Objective: To investigate the hemodynamic and morphological characteristics of abdominal aortic remodeling after Thoracic Endovascular Aortic Repair (TEVAR) in complex DeBakey type 3 Aortic Dissection (AD), using Contrast Enhanced Ultrasound (CEUS)/color doppler ultrasound in combination with CT Angiography (CTA). Methods: CEUS/color doppler ultrasound was performed on 28 patients with DeBakey type 3 AD after TEVAR. Eight cases were type 3a (simple, confined to the descending thoracic aorta) and 20 cases type were 3b (complex, extended into the abdominal aorta). CTA of aorta was performed on all patients as well. Hemodynamic and morphological changes of the abdominal aorta were observed by CEUS/color doppler ultrasound at 3 different level: Upper border of the celiac artery truck, inferior border of the renal artery and 1 cm above the common iliac artery bifurcation.

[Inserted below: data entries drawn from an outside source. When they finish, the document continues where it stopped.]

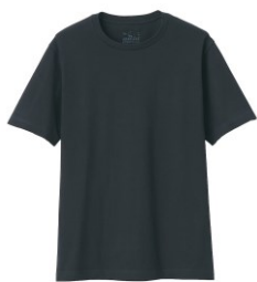
\ 男有機棉天竺圓領短袖T恤 /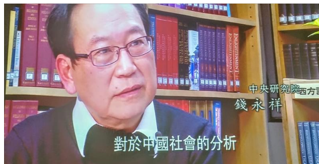
說明引用材料、邀訪學者的相關環節問題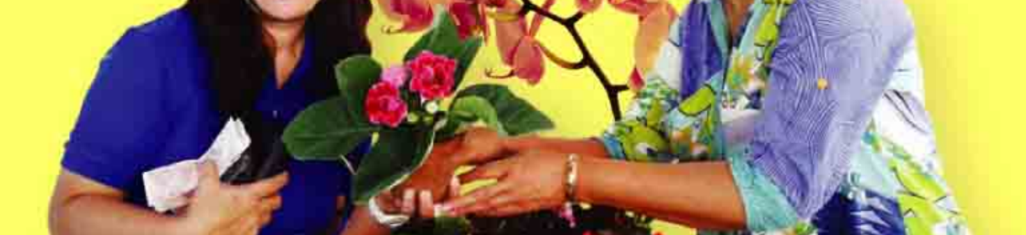
ตลาดสินค้าชุมชน มียอดขายถึง 180,000.-

* ขอบอกว่า ตั้งแต่เดือนมกราคม-เดือนมีนาคม 2556 ที่ผ่านมา เอสซีจีฯ สามารถกระจายรายได้ให้ชุมชนเพื่อนบ้านได้ถึง 4,390,000 บาท (ว้าวววว...ไม่ธรรมดาาาา)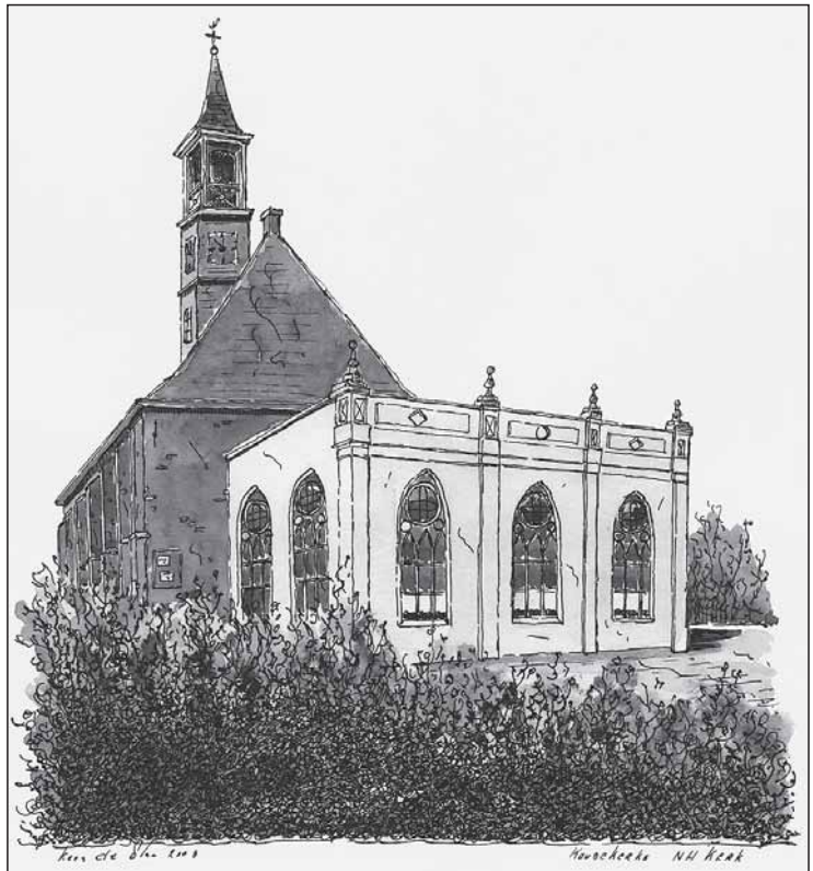
Pentekening van de hervormde kerk met de witte consistorie door Kees de Plaa, 2003. (Zeeuws Archief, Zeeuws Genootschap, Zelandia Illustrata, collectie-De Plaa, cat.nr. ZI-PLAA-2501)

ken verdween. Het blauw van de pilasters en ornamenten was in de vijftig jaar ervoor al verdwenen. Niet verwonderlijk, want kort na de nieuwbouw ervan, in 1911, brak de Eerste Wereldoorlog uit, daarna volgden de crisisjaren en de Tweede Wereldoorlog, de inundatie van Walcheren en de wederopbouw. Vanuit die optiek waren er andere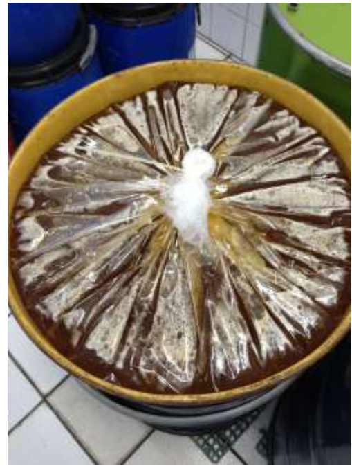
Figura 2. Transferência de mel com motobomba. Figura 3. Mel ensacado em tambor.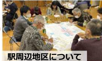
駅周辺地区について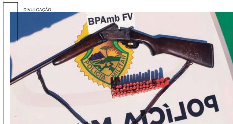
A Polícia Ambiental de Umuarama prendeu um homem de 62 anos que foi flagrado em posse irregular de uma espingarda calibre 36 e 40 munições, ontem (5), em Altônia. Os policiais foram até o local para apurar uma denúncia envolvendo caça. A ação aconteceu no Jardim Ouro Verde. A equipe foi recebida pelo denunciado, de 62 anos de idade, que, ao ser questionado, confirmou que possui a arma de fogo para caçar, porém não conseguiu abater nenhum animal. Sobre a arma, ele afirmou que possui a espingarda calibre 36 e diversas munições. O homem recebeu voz de prisão e foi encaminhado a Delegacia de Polícia Civil.

A iniciativa, desenvolvida no bojo do projeto "PCPR na Comunidade", busca aproximar a população do trabalho da polícia, ofertando um atendimento mais acessível e de excelência.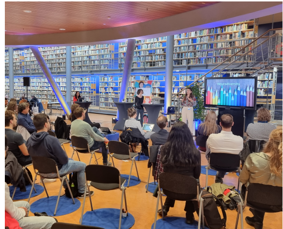
Sfeerbeeld Prometheus' Problems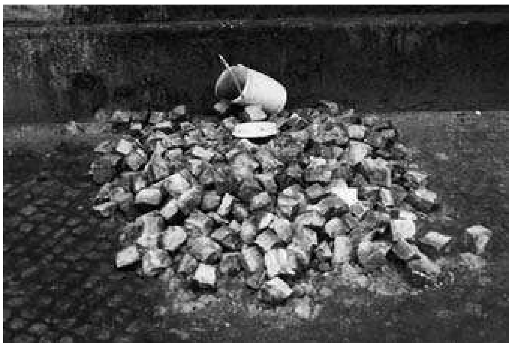
Místo u Národního muzea, kde se Jan Palach polil benzínem a zapálil. Na kostkách leží teplem zdeformovaná nádoba a víčko. Druhá nádoba takřka celá shořela.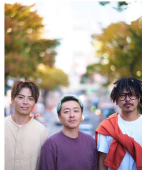
ミュータントウェーブ ジェンダリスト 元なでしこ女子サッカー選手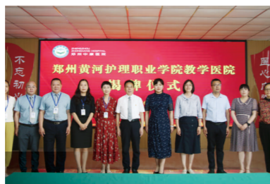
郑州中康医院教学实践基地揭牌仪式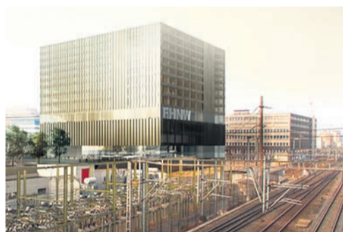
Der Entwurf für den Muttenzer Campus.

Im Neubau untergebracht werden sollen die Hochschulen für Architektur, Bau und Geomatik, Life Science, Soziale Arbeit, die Hochschule für Soziale Arbeit sowie der Trinationale Lehrgang Mechatronik. Im Gegenzug können Räume an diversen Aussenstandorten in Liestal, Muttenz und in Basel geschlossen werden. Den Projektierungskredit in der Höhe von 32,5 Mio. Franken hat der Landrat im Mai 2010 bewilligt. Gegenwärtig ist die Projektierung in Gang. Der Bau soll von 2013 bis 2016 realisiert und im Frühling 2017 bezogen werden können. Über den Baukredit wird das Baselparlament befinden, wenn das Ausführungsprojekt vorliegt.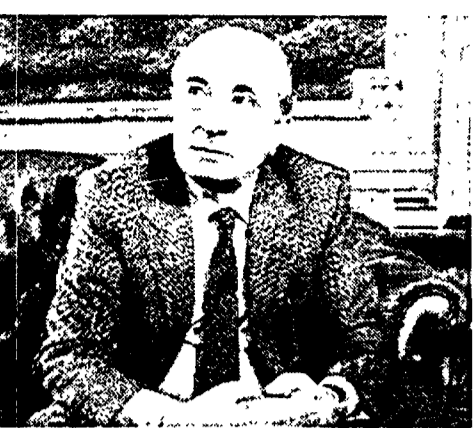
Ciriaco De Mita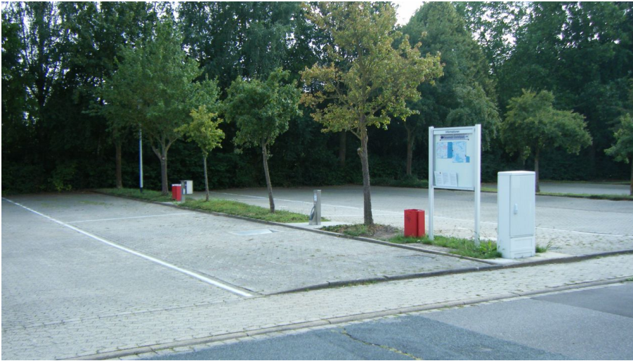
Wohnmobilstellplatz Wittingen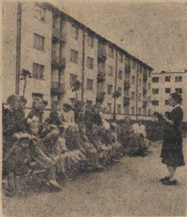
Rada Kobieta Osiedla WSM - Zolibórz w Warszawie zorganizowała zbiorowe spacerki dla dzieci nieobjętych akcją przedszkoli. Na zdjęciu: Dzieci słuchają z zaciekawieniem opowiadania czytanego przez przedszkolankę.

W szkołach odbędą się uroczyste zebrania poświęcone Międzynarodowemu Dniu Dziecka.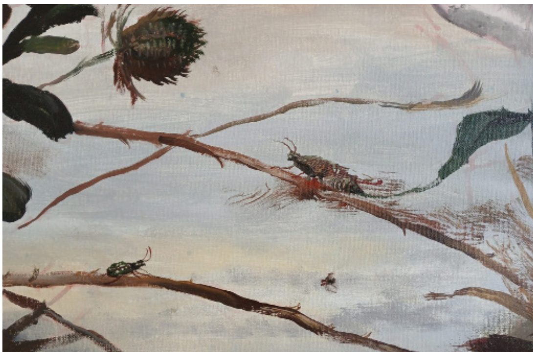
500 años de paseo por el parque, (detalle) Íñigo Navarro, 2025

comunicacion@museolazaro galdiano.es +34 91 561 60 84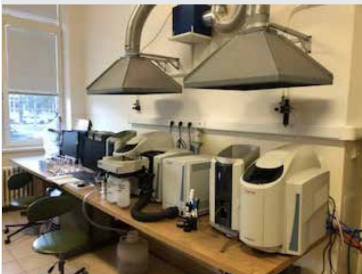
Atómový absorpčný spektrometer pre chemickú analýzu / Atomic absorption spectrometer for chemical analysis AAS

XRF (röntgenová fluorescencia) je ne-deštruktívna analytická technika používaná na určenie elementárneho zloženia materiálov. Pomocou tejto techniky sú analyzátory XRF excitované primárnym zdrojom röntgenového žiarenia a chémia vzorky sa určuje meraním fluorescence röntgenového žiarenia emitovaného zo vzorky. Každý z prvkov prítomných vo vzorke vytvára súbor charakteristickej röntgenovej fluorescence, ktorá je jedinečná pre tento špecifický prvok. Preto je XRF spektroskopia uznávaná ako vynikajúca technológia pre kvalitatívnu a kvantitatívnu analýzu zloženia materiálu. Väčšina atómov má niekoľko elektrónových orbitálov. Keď röntgenová energia spôsobí, že elektróny vstúpia a vystúpia z týchto orbitálnych úrovní, v celom spektre sa vytvoria vrcholy XRF s rôznou intenzitou.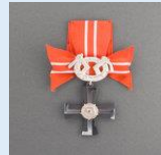
4. lk Vapaudenristi miekkoinen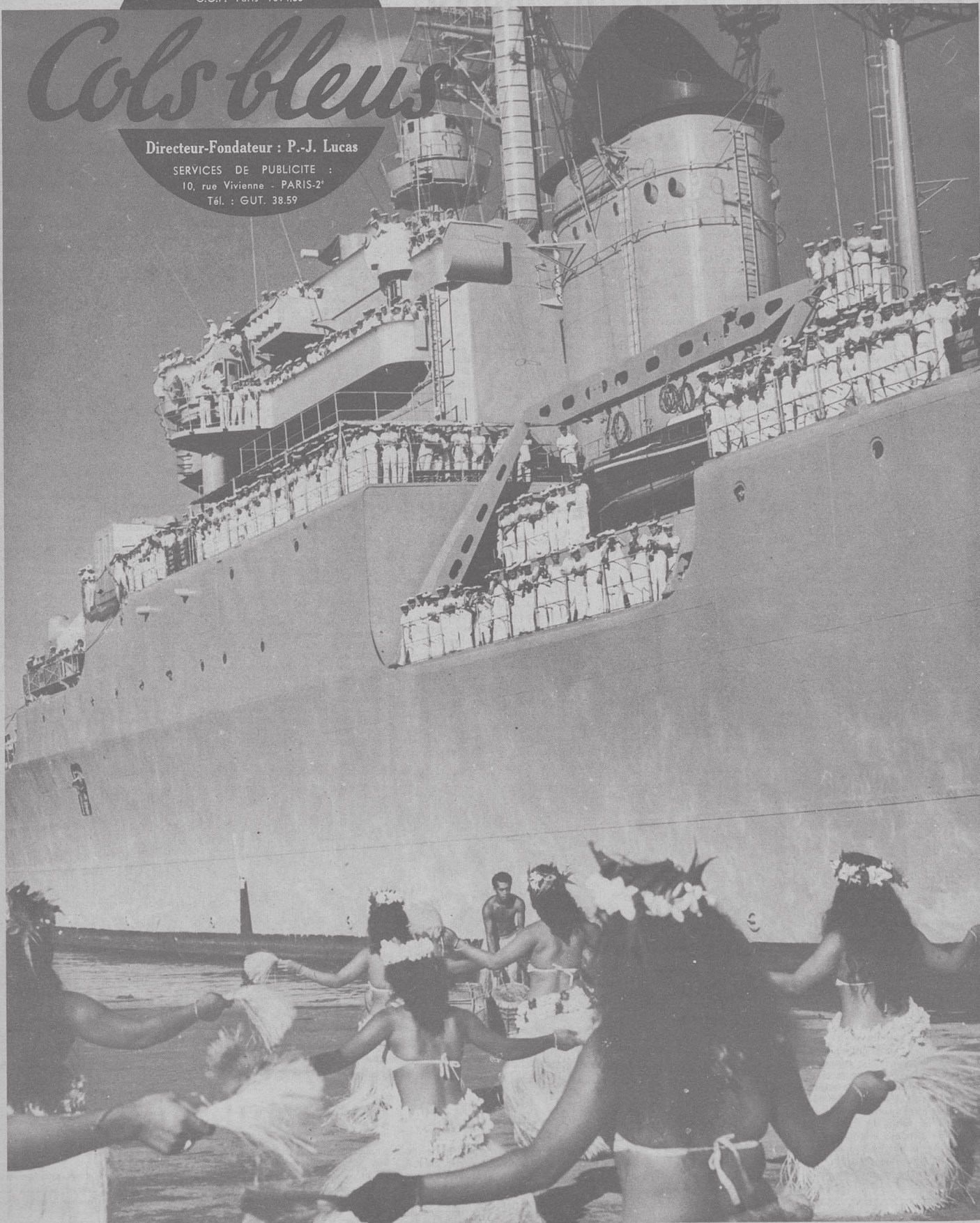
Le « DE GRASSE » à Papeete : accueil dansant et fleuri

SERVICES DE PUBLICITE : 10, rue Vivienne - PARIS-2 e Tél. : GUT. 38.59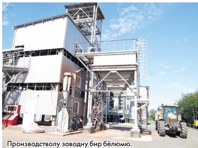
Производулу заводну бир бёлюмю.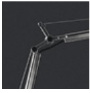
TOLOMEO TERRA SNODO A014000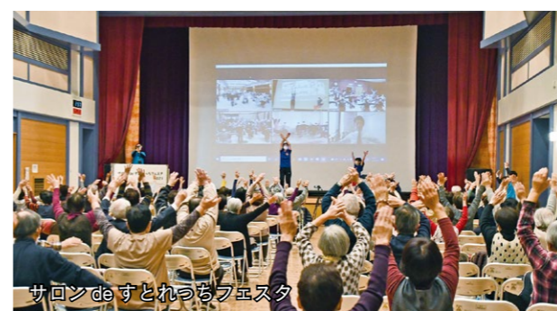
サロンdeすれつちフェスタ

決める」ことから始めることをお勧めします。アンケートの結果から、独居の人でも社会参加している人はフレイルに該当する人が少ないということも分かりました。社会参加といっても、大げさにとらえる必要はありません。買い物、通院、散歩など外出する機会を持ちましょう。人付き合いが苦手でも「決まった時間にスーパーに行く」などの日課があれば、顔見知りができるかもしれ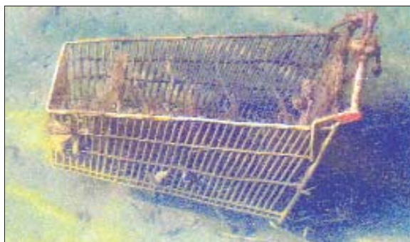
El decreixement és una alternativa real a la societat de consum?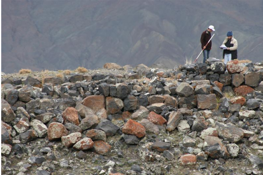
Resim-10 Kızlar Kalesi- Çeperli/Kağızman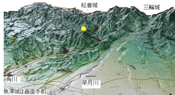
図1 松倉城とその周辺 1)

南北朝の頃には魚津の南奥の山に松倉城が築かれ、近くに松倉金銀鉱山もあって、室町の頃には麓の鹿熊が城下町として大いに栄えていた。しかし、城主椎名氏が上杉勢に攻められて敗走してからは、城下町機能が少しずつ今の魚津に移され、前田氏の支配下になってからは完全に魚津へ遷町となった。(3章にも記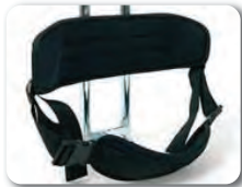
P2 - Selkätuki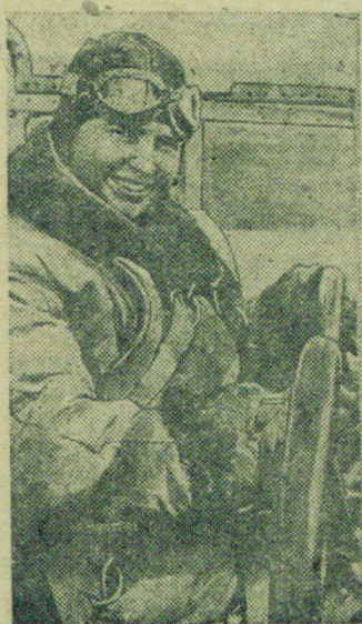
На снимке: Майор-орденоносец Полина Денисовна Осипенко, в кабине самолета. Снимок 1938 г.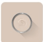
Scallop No. 311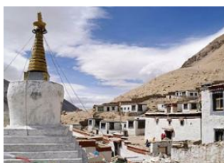
Shigatse (3900 m) ↴ 🚗 340km - ⌚ 7h 30m Rongbuk (5000 m) ↴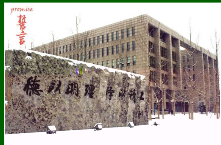
▲ 再见,见证我们青葱时光的校园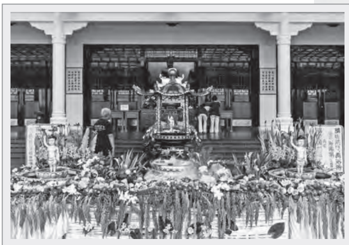
土城承天禪寺浴佛活動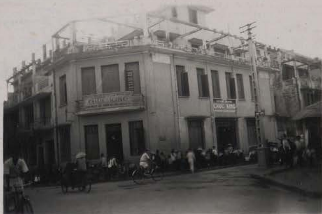
HANOI, juillet 1951.- Maison Chinoise, Entreprise Chuc King (teinturerie mécanique), angle rue J. Dupuis et rue Lepage.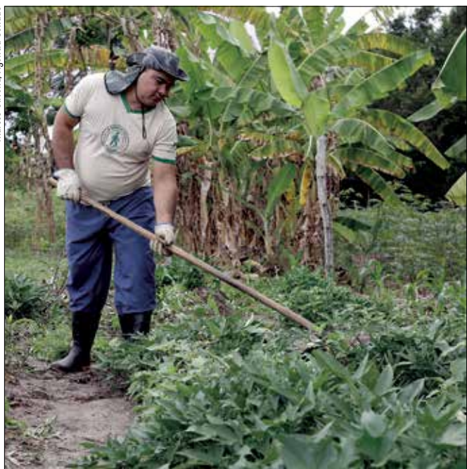
A PEC iguala a idade para aposentadoria rural de homens e mulheres

Senadores prestam homenagem às mulheres 2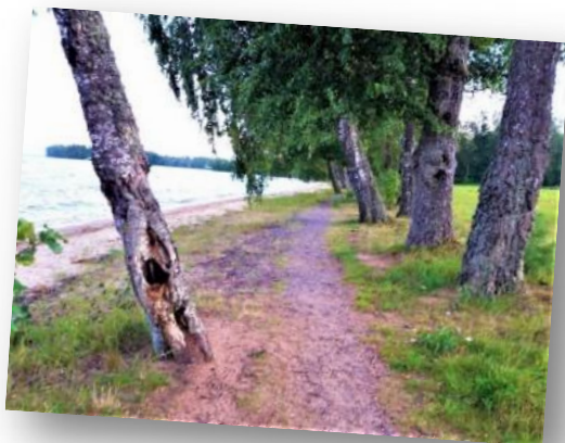
Vätten-strand i Brevik norr om Hjo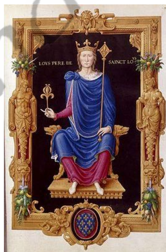
Lodewijk VIII van Frankrijk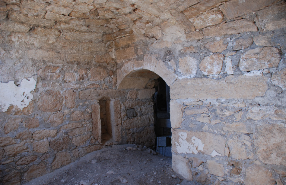
F. 11- Surp Sarkis Kilisesi güney yan şapeli koro bölümüne geçiş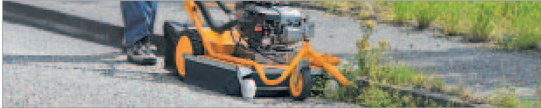
Praktisch und arbeitssparend: Reinigung der Bordsteinkanten mit der Wildkraut Hex AS 50.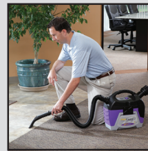
Intervention d'urgence en cas de déversement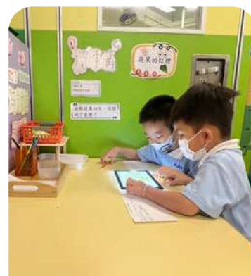
自選活動 - 探索角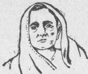
Żona Mahatmy Gandhiego.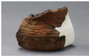
1 H-5出土土器 (第140图14)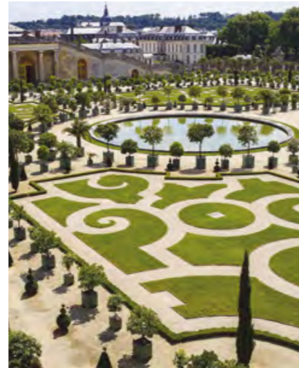
Le bosquets de l'Orangerie, Château de Versailles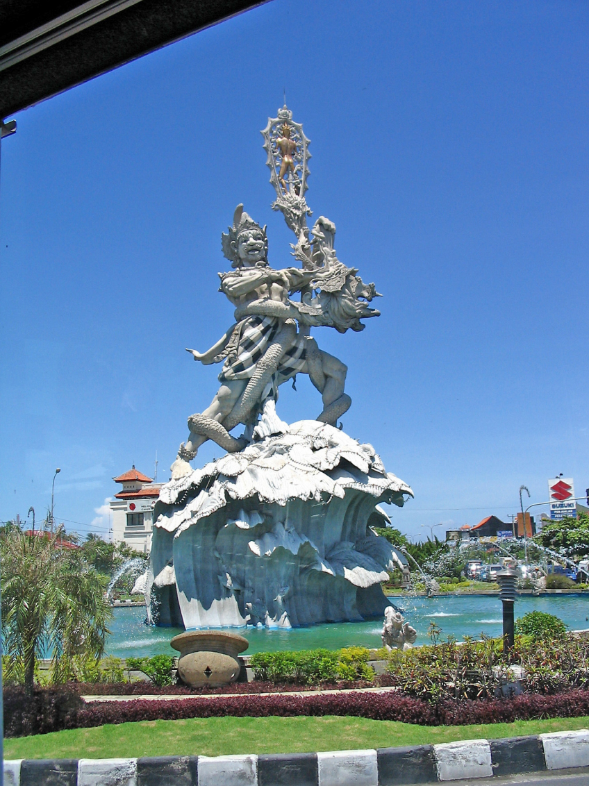
Bali - Bena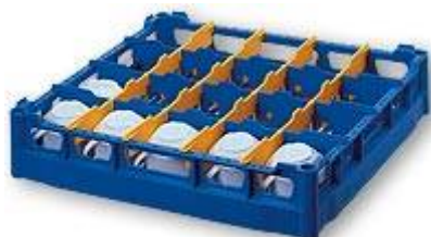
S 4x5/75 Casier à tasses pour 20 tasses en position inclinées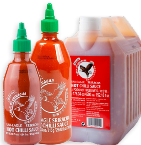
Salsa Xili Sriracha Uni-Eagle Ref. 0219 - 12 x 430ml Ref. 3287 - 12 x 740ml Ref. 3743 - 4 x 4500ml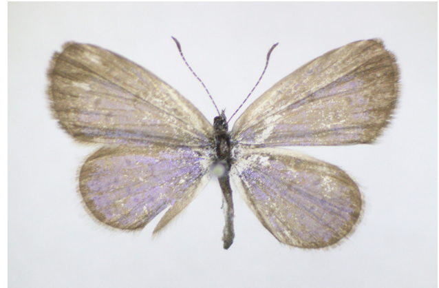
図 1. 1988年に宮古島で採集されたホリイコシジミ (♂).

新田敦子・新田智, 2001. 離島大好き採集ガイド 沖縄・宮古編. 蝶研出版, 茨木. 東清二・金城政勝・木村正明, 2002. チョウ目 (鱗翅目). 増補改訂 琉球列島産昆虫目録. Pp. 397-465. 沖縄生物学会, 西原.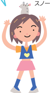
さくらさん スノー

These characteristics were observed pre-TEVAR, 1 day post-TEVAR and 1 month post-TEVAR. Results: (1) CEUS/color doppler ultrasound detected the hemodynamic aortic remodeling process. The true lumen showed high-resistance spectrum with high peak velocity, while the false lumen showed an irregular spectrum with low peak velocity. (2) The maximal blood flow velocity increased in the true lumen and decreased in the false lumen (p<0.05). The blood flow pattern changed after TEVAR covered the proximal tears and showed the remote tears from the exit into the entrance. The shear stress at the rupture site decreased gradually and the pulsatory intimal movement was still observed. (3) Morphologically, no new tears of the abdominal aorta were noted in type 3a AD cases. Gradual thrombosis formation was noted in the false lumen of all type 3b AD cases at 1 month. (4) True and false lumen diameter measurements were similar whether using CEUS/ color doppler ultrasound or CTA (p>0.05). However, CEUS/color doppler ultrasound was less sensitive than CTA at detecting the number of tears (p<0.05). Conclusions: CEUS/color doppler ultrasound can play a complementary role in identifying the hemodynamic and morphological characteristics of abdominal aortic remodeling in complex DeBakey type 3 AD post-TEVAR. CEUS/color doppler ultrasound is easy to use, radiation free, and can overcome shortages of using only CTA in hemodynamic and morphology assessment. It is worth promoting for long-term patient follow-up.